ワーテルローの戦い(Wikipedia)

 この戦いで英軍を率いたウェリントンは後に首相となってクリミア戦争に臨んだりもするのですが、この人もこの人で若い頃から明らかに戦争に強く、逆境においても敵軍を跳ね返すなど桁違いの指揮官でした。しかしそのウェリントンをしてこのワーテルローの戦いは何度も敗戦を覚悟して紙一重の勝利だったと話していたそうですが、彼の本国である英国も相手があのナポレオンとってこの戦闘でどうなるのか非常に戦々恐々としていたそうです。
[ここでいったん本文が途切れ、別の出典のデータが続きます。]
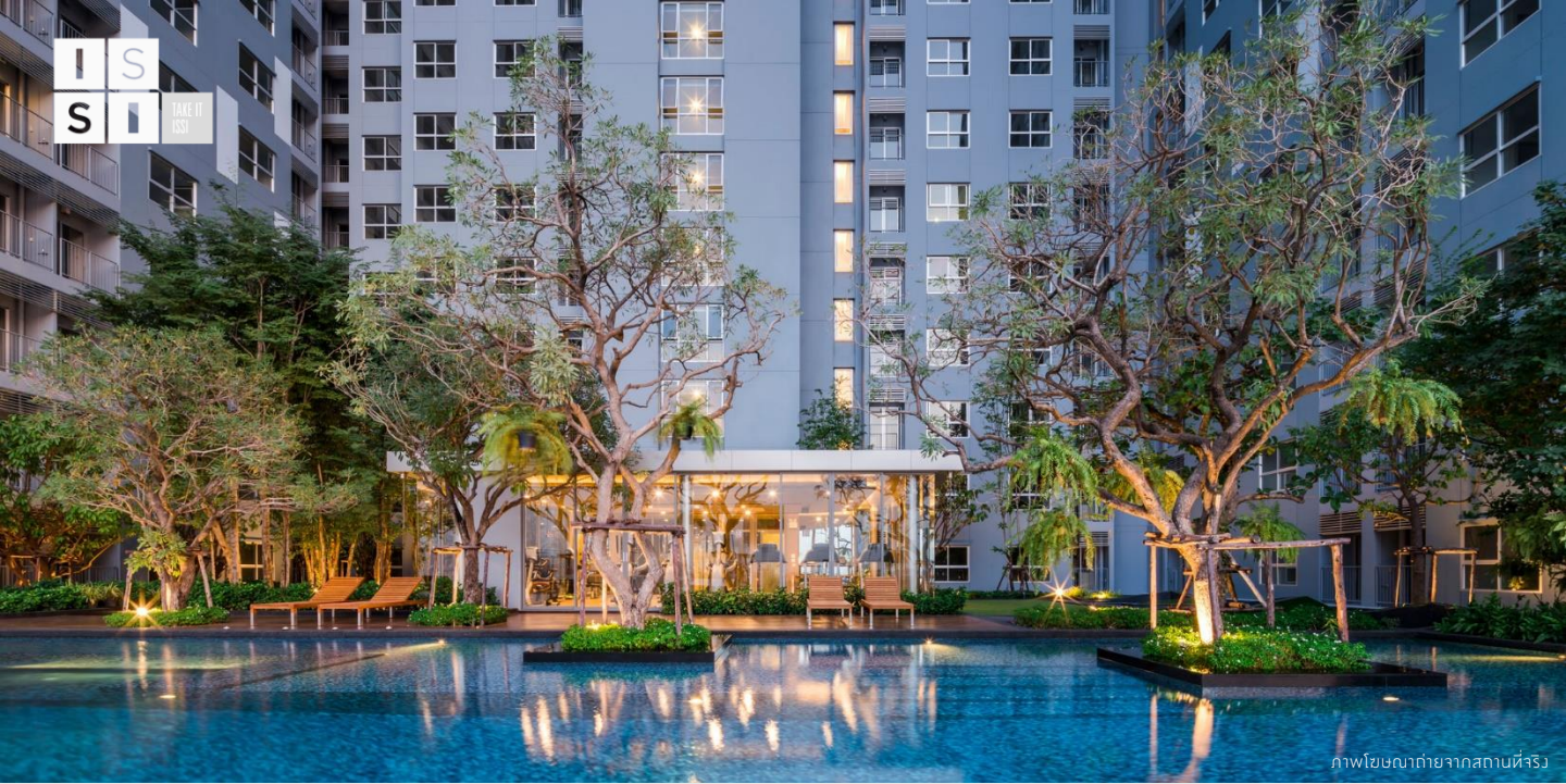
ภาพโฆษณาถ่ายจากสถานที่จริง
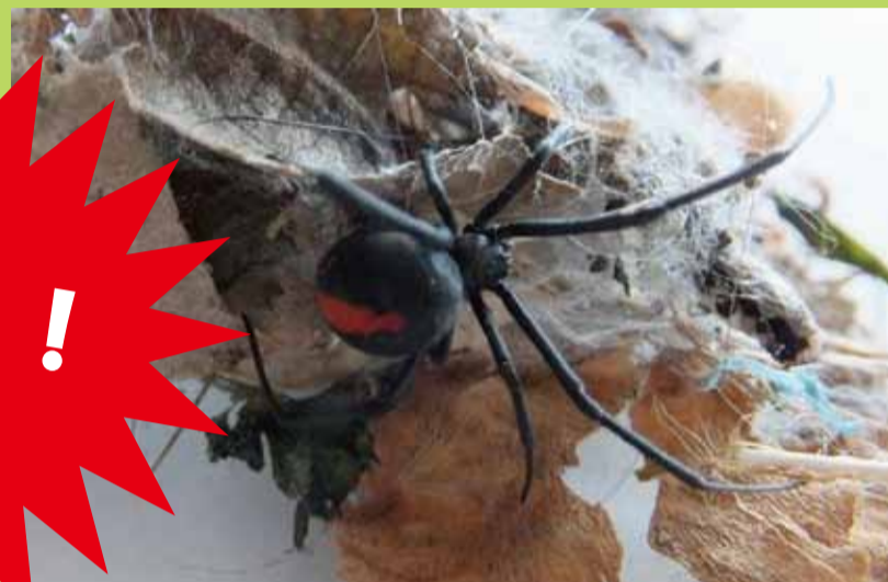
巣の張り方は不規則で立体的です。
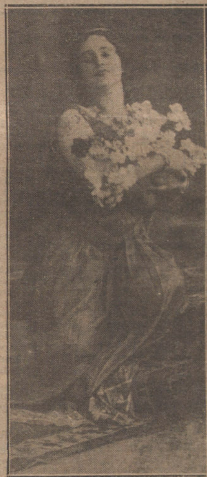
LA DISTINGUIDA SOPRANO GERTRUDIS KAPEL, QUE ACTUA EN EL TEATRO REAL

 当時どれだけ注目されていたのかをうかがわせるエピソードとして、ロンドン株式市場の混乱という話があります。当時から英国では株式市場が成立しておりそこでは英国債も取引されていたのですが、このワーテルローの戦いの結果は最初、「英軍敗退」と誤った誤報が英国に伝わってしまったそうです。そのため英国債は一気に暴落したのですが、ネイサン・メイア―という銀行家は独自の情報網からこのニュースは誤報で本当は英軍が勝利していたという情報を掴んでいました。ネイサンはこの暴落時にすぐには買い入れず、逆に自身が保有していた国債を放出してさらに債券価格が値下がった所で一気に買い集め、勝利したという本当のニュースが英国に伝わるやネイサンがかき集めた国債は再び高騰して彼は巨額の利益を得たと言われています。

 この話は創作という説もありますが、ネイサン・メイア―・ロスチャイルドというロスチャイルド家の祖が存在したことは事実で、昔っからこの一族は抜け目ないんだなぁもうとか思う始末です。